Tuesday, February 1, 2011
Is your speech ready for takeoff? Are you sure?
Lack of attention to details can cause a speech to crash. Checklists are one good way to avoid catastrophes, like forgetting to bring or do something critical beforehand. Checklists are broader than packing lists that only describe what to bring.
Long ago I was a student glider pilot, so I knew that pilots routinely go through a preflight checklist before takeoff. Until I began reading Atul Gawande’s recent book, The Checklist Manifesto, I didn’t know when or how preflight lists began to be used.
Back in 1935 a very experienced Army Air Corps pilot evaluating a Boeing prototype that became the B-17 Flying Fortress bomber stalled and crashed it just after takeoff. The plane burned, and he died. What went wrong?
Investigation revealed he had forgotten a crucial detail - removing the gust lock that prevented the control surfaces from moving while the plane was parked. You can read reviews of Gawande’s book here and here. He learned about checklists from Boeing.
The solution for flying the B-17 was having a written checklist covering what needed to be done before takeoff. Otherwise the pilot might get so wrapped up in getting four engines running smoothly that he skipped another crucial detail.
Many speakers have discussed the use of checklists. Scott Berkun just blogged about one. Last year Fred E. Miller had one, and John Zimmer had one with an addendum. In 2009 Nick Morgan and Denise Graveline posted theirs. Even earlier Tom Antion and Dave Paradi published theirs. There is a Checklist for Checklists that can be used to develop one of your own.

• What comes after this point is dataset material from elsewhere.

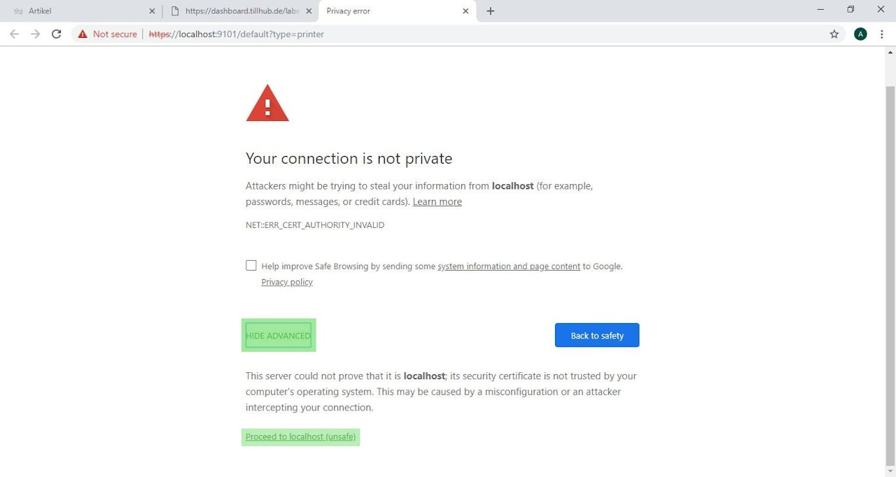 - Das nun geöffnete Fenster sagt Ihnen, dass die Verbindung nicht sicher sei. Keine Sorge, es wird nichts passieren!

Consumables like batteries for a presentation remote and a laser pointer are important items to check before you head out. Those items and their batteries live in the plastic file box that holds my projector. So does the VGA cable for connecting the laptop, and an extension cord with a three-plug adapter for the projector and laptop. There also is a small piece of 2x4” lumber for tilting the projector upwards. (You can’t depend on finding a handy ashtray anymore!) If I had a Mac laptop rather than a PC, then I also would carry an adapter cable for VGA. Similarly, if I was headed for a historical building (like an old church) I would be sure to carry a 2-prong adapter so I could plug my extension cord into a vintage electrical outlet.